As she occupied herself with nothing, he occupied himself with her, trying to find a niche for her to fit. He took her to movies, but found that she only grew interested at scenes of suffering and death. Teaching her to paint was an unmitigated disaster, for her parents eventually saw what she was painting. Only track was anything close to a success--she ran faster than all others, then collapsed to the ground, gasping at the pain.

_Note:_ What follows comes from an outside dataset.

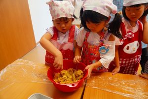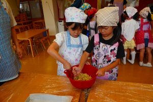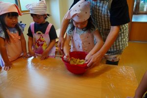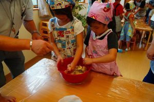 「もうちょっと水使わないと、くっつかなさそうー」「ちょっと、そっちのフォーク貸してみて」と、自分たちで試行錯誤しながら一人2個サモサを作っていきました。
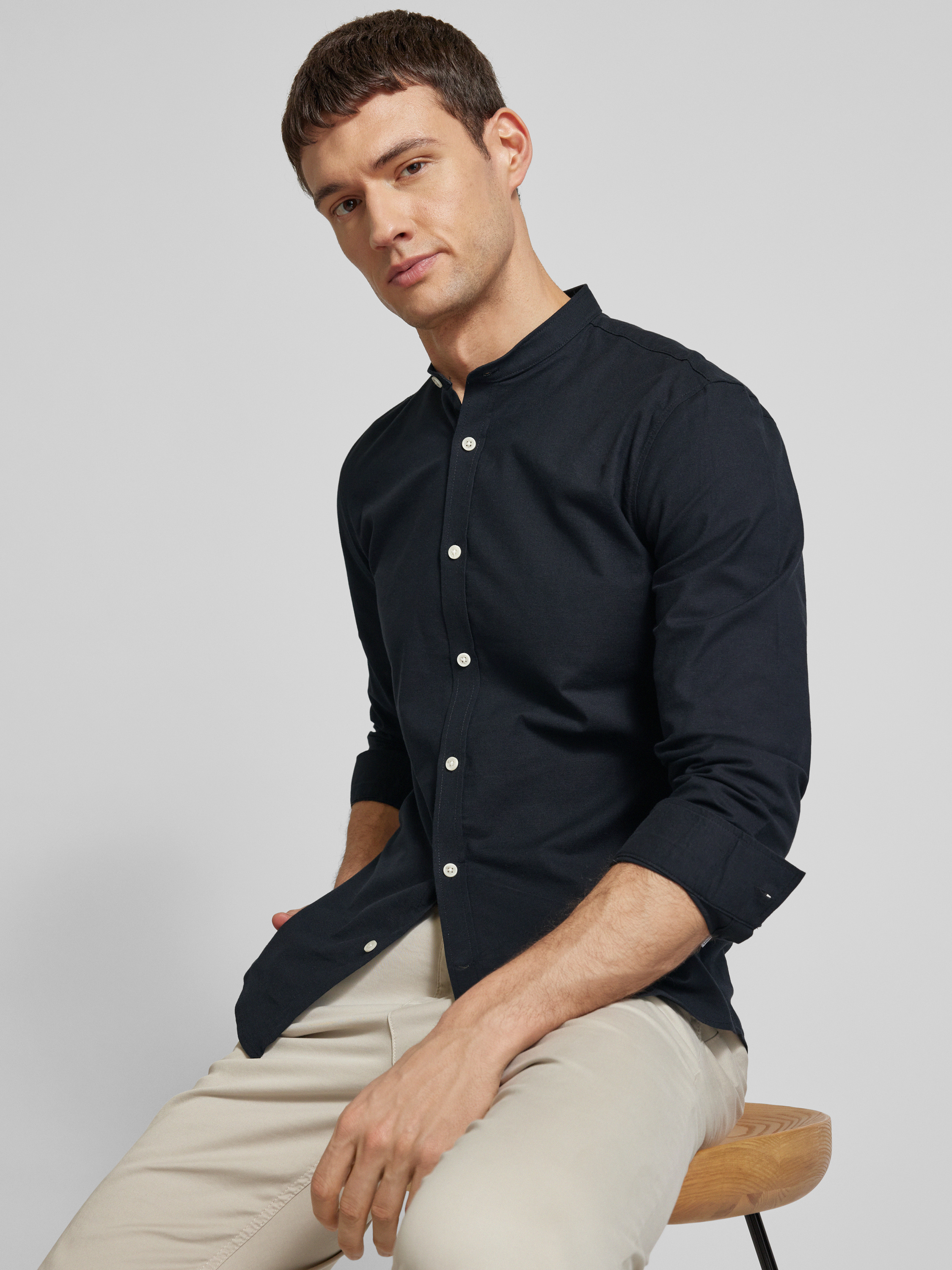 LindberghSlim Fit Freizeithemd mit Stehkragen in black

He suspected from the start that she wasn't normal, and saw it confirmed as early as their first year together, when he tried to teach her to climb trees. Her fall from the highest branch broke her leg quite badly, but her parents (who had already grown used to such things) never took her to the doctor, and within a week she was back at school, perfectly healed. But he was neither so old as to wonder overmuch about such a miracle, nor so immature as to tell everyone about it. Instead, he was occupied by experimentation--by finding that a shallow cut from his father's pocketknife healed almost instantly, leaving only a small quantity of blood, but a deeper cut took five minutes to mend itself, and a broken finger an hour. And by discovering her reaction to each, taking pleasure in the pleasure she took in the pain.

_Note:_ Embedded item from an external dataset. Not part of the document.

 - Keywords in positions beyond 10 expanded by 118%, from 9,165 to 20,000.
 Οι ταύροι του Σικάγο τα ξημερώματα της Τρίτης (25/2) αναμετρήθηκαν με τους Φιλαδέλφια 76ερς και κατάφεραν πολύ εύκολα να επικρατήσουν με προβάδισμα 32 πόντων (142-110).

Ah, pain . . . Early in their relationship, he greeted her each day with the slap that had marked their first meeting. As he grew in his understanding of her, he decided his father's pocketknife would not be missed. When they were alone he traced shallow lines across her face and watched as they closed up. In time he grew confident enough for deeper cuts and sharper pains, though always with an eye to caution, and always with something to staunch the blood and somewhere to hide it where her parents wouldn't find it.